The Experiment Loop Without the GPU

When Andrej Karpathy published autoresearch, most people read it as a GPU story. An H100 running a hundred experiments while you sleep, autonomously modifying a training loop, chasing a lower validation loss. The headline writes itself: AI doing AI research.

But there’s a quieter idea underneath, and it doesn’t require any particular hardware.

The repo has three files. prepare.py is fixed — it downloads data and trains a tokenizer and you never touch it again. train.py is what the agent edits: the model architecture, the optimizer settings, the batch size, anything. And program.md is a Markdown file you write to tell the agent how to think about the problem — what to try, what to avoid, what the goal actually is. The agent proposes a change to train.py, runs it for exactly five minutes, checks whether the validation metric improved, keeps the change if it did, discards it if it didn’t, then repeats.

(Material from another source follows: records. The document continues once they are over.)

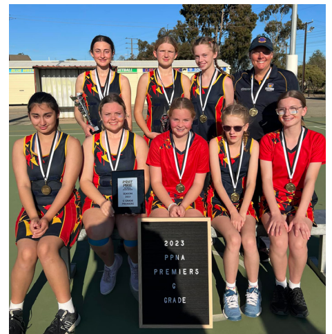
Congratulations to our G Grade Premiers
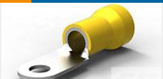
TE Part #52043-1 TERMINAL R PG 4 1/4
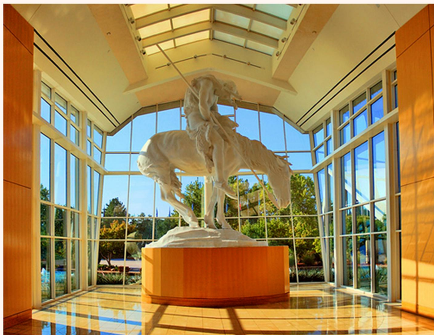
Cowboy Hall of Fame
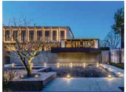
杭州旭輝東原東越府 Hangzhou CIFI Dongyuan Majestic Mansion
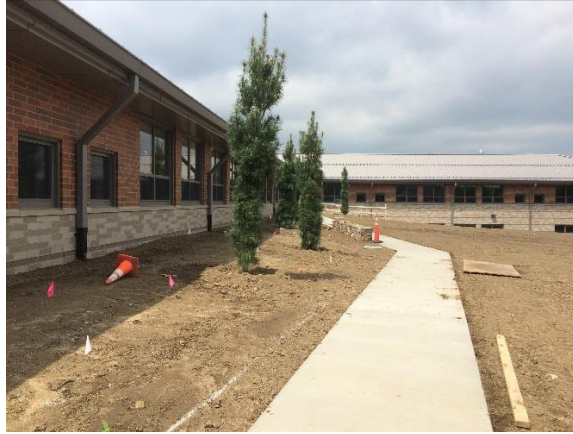
Landscape Installation Outside 3,4,5 Wing

What makes this work isn’t the agent’s ability to write PyTorch. It’s four constraints Karpathy imposed before the loop even starts.

Every run gets exactly five minutes of wall clock time, regardless of what the agent tried. This makes results comparable — you can’t game the metric by spending longer on a promising run. The metric is a single number, bits per byte, chosen because it stays meaningful across architectural changes that would make other metrics incompatible. Changes are isolated: one variable per experiment, never two simultaneously, so you always know what caused an improvement. And the budget is fixed before you start — roughly a hundred experiments overnight — so you stop when the budget runs out, not when you feel like you’ve found something good enough.

These constraints exist to solve a specific failure mode: the feeling of rigour without its substance. Anyone who has done prompt engineering or A/B testing has experienced its opposite — trying a few things, keeping the one that seemed better, calling it done. The loop formalises what should have been happening anyway.

The GPU is load-bearing for the ML training part. The discipline is not.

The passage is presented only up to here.